• Collected data:
--------------------------------------------------
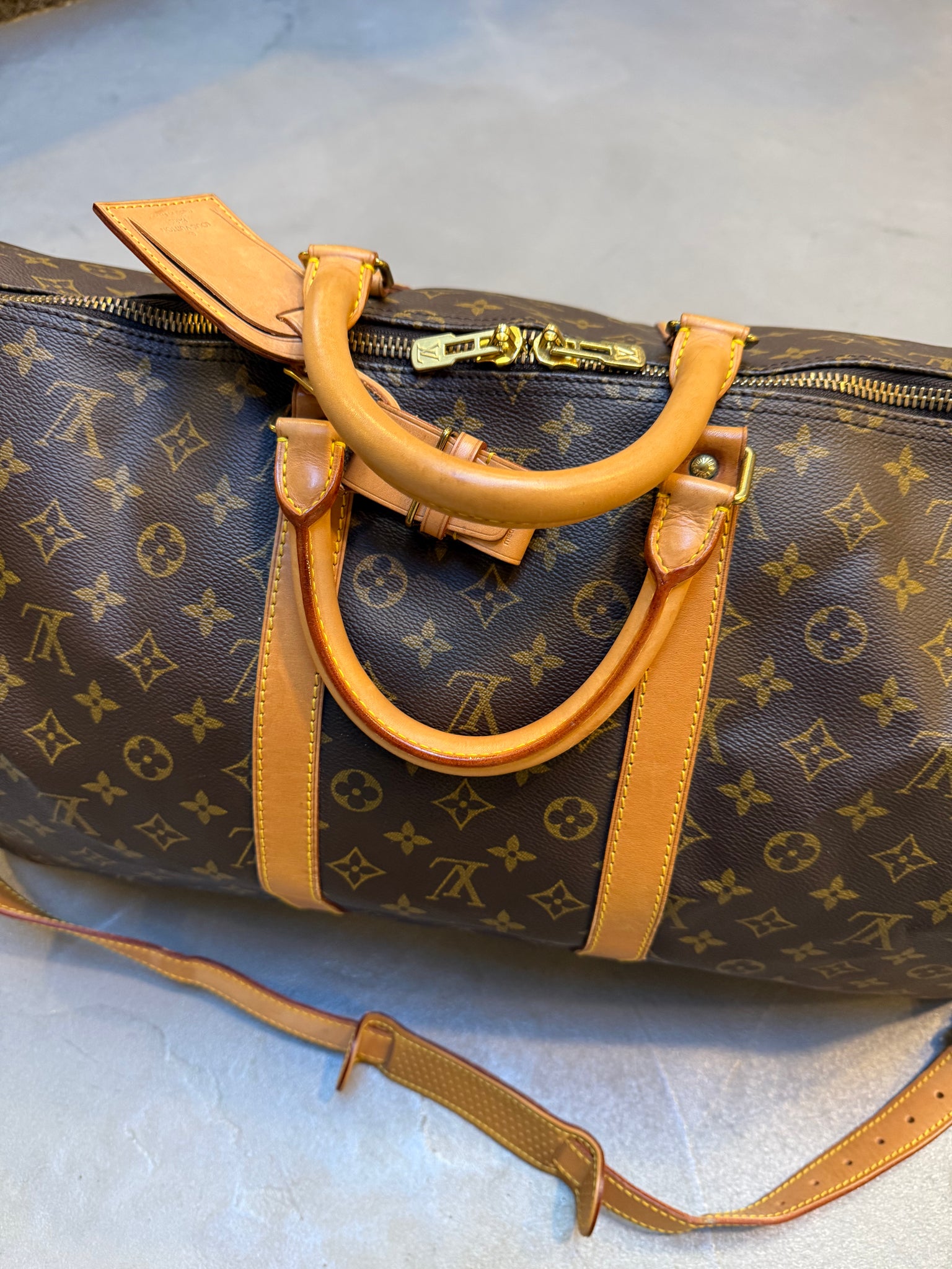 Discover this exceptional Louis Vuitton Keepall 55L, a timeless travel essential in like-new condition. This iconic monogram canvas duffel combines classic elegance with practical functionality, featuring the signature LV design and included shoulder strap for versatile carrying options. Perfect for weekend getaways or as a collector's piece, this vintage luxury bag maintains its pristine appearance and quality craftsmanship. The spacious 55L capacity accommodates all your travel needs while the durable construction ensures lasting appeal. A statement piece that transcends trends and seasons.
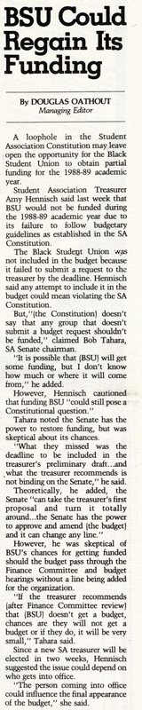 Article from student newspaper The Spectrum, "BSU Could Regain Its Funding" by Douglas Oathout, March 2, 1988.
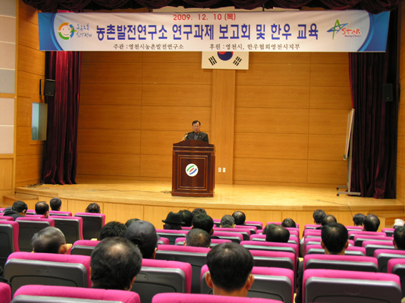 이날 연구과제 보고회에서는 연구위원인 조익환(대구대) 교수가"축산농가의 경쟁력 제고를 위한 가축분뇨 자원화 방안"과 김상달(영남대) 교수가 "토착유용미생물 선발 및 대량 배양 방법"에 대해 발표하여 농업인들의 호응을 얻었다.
--------------------------------------------------
• Problem to solve: Copy the material verbatim. The pictures are not part of the copy.

• Your response:
 Discover this exceptional Louis Vuitton Keepall 55L, a timeless travel essential in like-new condition. This iconic monogram canvas duffel combines classic elegance with practical functionality, featuring the signature LV design and included shoulder strap for versatile carrying options. Perfect for weekend getaways or as a collector's piece, this vintage luxury bag maintains its pristine appearance and quality craftsmanship. The spacious 55L capacity accommodates all your travel needs while the durable construction ensures lasting appeal. A statement piece that transcends trends and seasons.
 Article from student newspaper The Spectrum, "BSU Could Regain Its Funding" by Douglas Oathout, March 2, 1988.
 이날 연구과제 보고회에서는 연구위원인 조익환(대구대) 교수가"축산농가의 경쟁력 제고를 위한 가축분뇨 자원화 방안"과 김상달(영남대) 교수가 "토착유용미생물 선발 및 대량 배양 방법"에 대해 발표하여 농업인들의 호응을 얻었다.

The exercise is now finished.